Cleaning up the generated image (background removal)
After generating the new asset, we may want to remove the background to isolate the object. This is particularly useful for game assets that need to be placed on different backgrounds or integrated into various environments.
[
{
"taskType": "imageBackgroundRemoval",
"taskUUID": "{{taskUUID}}",
"inputImage": "{{generatedImage}}"
}
]
As simple as that! The background removal model will analyze the generated image and separate the foreground (the asset) from the background. More documentation on the background removal model can be found here.
Interactive playground
Here's a playground where you can experiment with the workflow. Upload your game asset to preprocess it, generate a new version with the desired style, and remove the background if needed. The playground is divided into three tabs. Each playground contains a set of hidden parameters that will be used to run the workflow. You can modify the visible parameters to experiment with different settings.

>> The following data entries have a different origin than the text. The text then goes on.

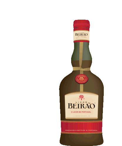 Two bottles of the Portuguese liqueur Licor Beirão, known for its herbal and sweet flavor, clinking together.
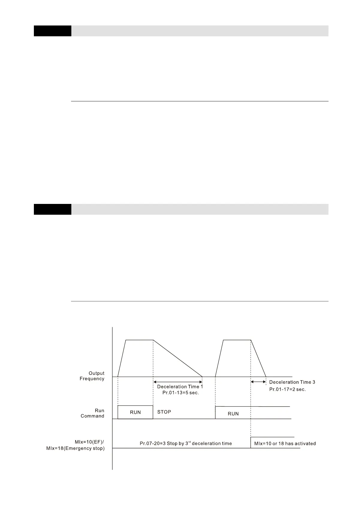 When the multi-function input terminal setting is set to 10 (EF input) or 18 (force to stop) and the
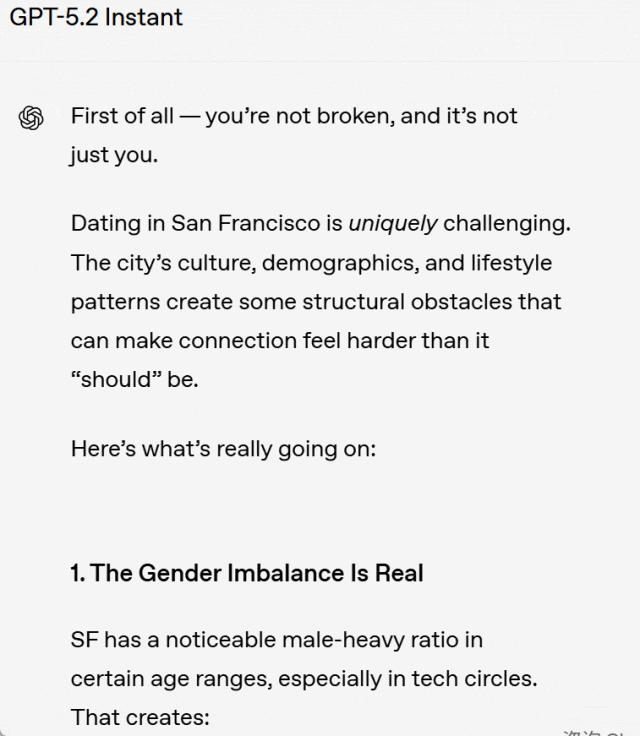 比较分析:GPT-5.3Instant平直参加问题的中枢进行回答,而莫得加入那种不必要、也并无本体匡助的「你莫得问题,这也不仅仅你的原因」之类的劝慰性开场白。
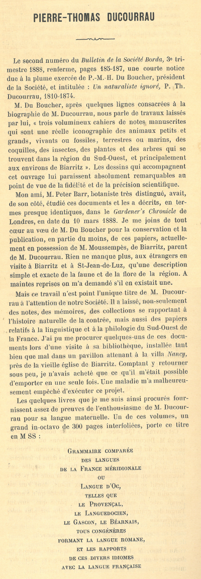 Le second numéro du Bulletin de la Société Borda, 3e trimestre 1888, renferme, pages 185-187, une courte notice due à la plume exercée de P.-M.-H. Du Boucher, président de la Société, et intitulée : Un naturaliste ignoré, P. Th. Ducourrau, 1810-1874.

You can also explore this workflow in our full-featured playground, available inside the dashboard. It offers the same tools with a more flexible interface, making it easy to upload assets, adjust parameters, and iterate on results in one place.
Conclusion
Using ControlNet with Canny edge detection gives you a reliable way to transform game assets while keeping their structure intact. You can swap styles, add detail, or create entire item sets without losing the shapes and silhouettes that tie everything together.
The key strength here is consistency at scale. Once you’ve set up your workflow, generating dozens of cohesive items becomes a repeatable process, not a manual one-off task. That means fewer bottlenecks, more room for creative direction, and faster turnaround during prototyping or asset expansion.
This setup works especially well when you:
- Need variations of the same object (like biome-specific versions of an item).
- Want to apply a new visual theme across existing assets.
- Care about speed without sacrificing visual coherence.
Tweak the prompts and adjust the parameters sensitivity to fit your needs. Once dialed in, this approach doesn’t just enhance your pipeline, it simplifies it.